MP hopes to be taken back into the parliamentary party after losing whip

MP hopes to be taken back into the parliamentary party after losing whip

12th September 2019

TUNBRIDGE WELLS MP Greg Clark hopes he will eventually be accepted back into the Parliamentary Conservative Party after being ousted.

The former Business Secretary was kicked out after defying Boris Johnson and voting to block a no-deal Brexit last week.

Mr Clark, who has represented Tunbridge Wells in Parliament since 2005, defied the party whip— that tells MPs which way to vote – along with 20 other EU rebels who all had the whip removed.

Boris Johnson’s chief advisor, Dominic Cummings, had clashed with Mr Clark just before the big vote, with Mr Cummings telling the former Business Secretary he would be ‘purged’ if he voted against the Government.

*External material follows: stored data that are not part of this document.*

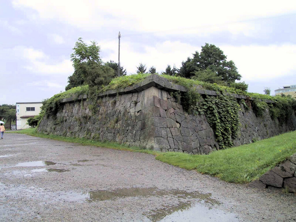 本当はその後壕の外側から五稜郭を眺めてみようかなと考えていたのですが、雨が相変わらず降っていますし、さっきこけたショックがまだ残っていたので(をい(^^;))、中に入って博物館のある方へと進むと、今まで気付かなかったのですが、博物館のある場所を囲むように土塁が残っているのを見つけました。よく見ると土塁の端の方に石垣が残っているところもありましたので、これも遺構なのでしょう。記憶が定かではありませんが、確か現在博物館が建っているところに、箱館奉行所の庁舎が建っていたはずですので、それを囲むように土塁があったのかもしれません。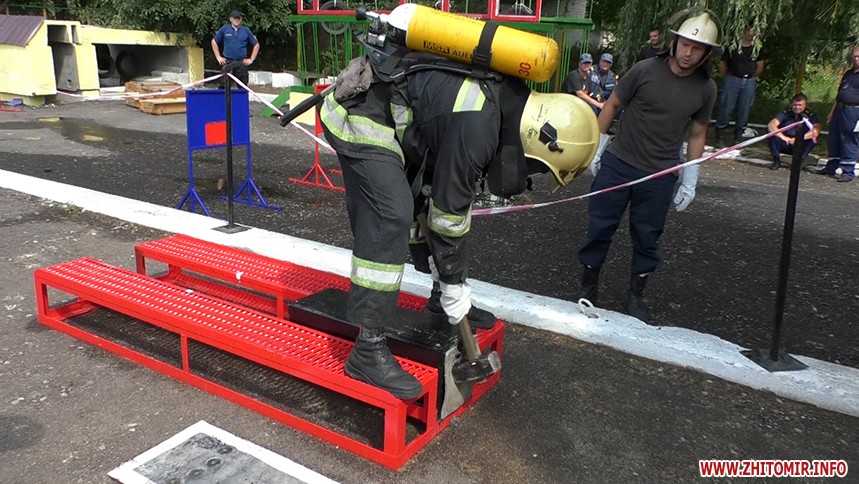 У Житомирі більше сотні рятувальників змагаються за звання «Найсильнішого пожежного-рятувальника» області. Організатори змагань розповідають: щоб стати кращим, останні повинні без порушень та якнайшвидше подолати смугу перешкод, яка складається з шести етапів.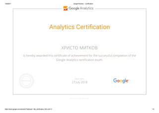 This certificate from Google awards Xristo Mitkov for successfully completing the Google Analytics certification exam. The certificate is valid until July 27, 2018 and was issued on January 30, 2017 by Google Partners for certification in analytics.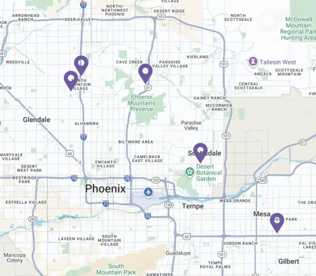 The Healing Effect offers in-person therapy at multiple convenient locations across the Valley, including three offices in Phoenix, as well as sites in Scottsdale and Mesa. All of our locations are by appointment only to protect client privacy and ensure a calm, personalized experience. Whether you’re looking for therapy near you or prefer the flexibility of remote care, we’re here to help.

However, Mr Clark, told the Times he felt had no choice.

He said: “My view is that if you are in public life, you have to be honest in your judgement.

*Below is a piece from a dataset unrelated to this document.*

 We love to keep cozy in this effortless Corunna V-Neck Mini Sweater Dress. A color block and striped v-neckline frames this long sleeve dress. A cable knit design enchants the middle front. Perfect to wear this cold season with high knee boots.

“I want to see a deal and I think there is a great danger of leaving without a deal and it would not be honourable to lie about that and say actually it will be fine.”

While the MP remains a local Conservative Association member, he said losing the whip last week was ‘painful’ but he had no regrets.

“Obviously it was very painful that it required the loss of the party whip in the House of Commons, but it would be wrong to say something that is against my judgement just to save my position in the Parliamentary party.”

He added that he hoped the Conservative Party would eventually reinstate the whip, allowing him to run as a future Parliamentary candidate in Tunbridge Wells.

“It is too soon to know what is going to happen. We don’t know if there will be a General Election and when it will happen, and if there is it will be very difficult to predict.

“But any election will come down to whether you want to see Jeremy Corbyn in Downing Street or not.

“I would like the whip to be reinstated, and in time, I hope it will be reinstated as has happened on previous occasions such as with the Maastricht Rebels [under John Major].

“But this is a matter for the Prime Minister and I have no complaints about that.”

Mr Clark insisted he was on ‘cordial’ terms with Brexiteers in the Conservative Party and ruled out joining the Liberal Democrats as Conservative colleague, Phillip Lee had done during Mr Johnson’s speech to MPs last Tuesday.

He also ruled out becoming part of any ‘Independent Conservative Group’.

“There are a lot of decisions taking place over the last few days, but I have no appetite to be part of a new party.

“The Conservative Party has been a force for good in this country for decades, and I am a Conservative through and through with a capital C.

“I respect a range of views of people including the Brexiters in Tunbridge Wells with whom I have a great relationship and share cordial respect.

“I have a very good relationship with the party and I hope I will be considered to be a future candidate for them,” said Mr Clark.

After the ‘tumultuous’ events of last week, Mr Clark said he felt ‘touched’ by the reaction from local people.

“I was out running with the dog at the weekend and the number of people who beeped their horn and people on bikes shouting positive things was quite touching.”

He added that by New Year, he believed Brexit would be finally solved.

“I think on New Year’s Eve, we will have finally solved Brexit after all these years, and I hope I will be celebrating New Year on The Pantiles as your Member of Parliament for Tunbridge Wells.”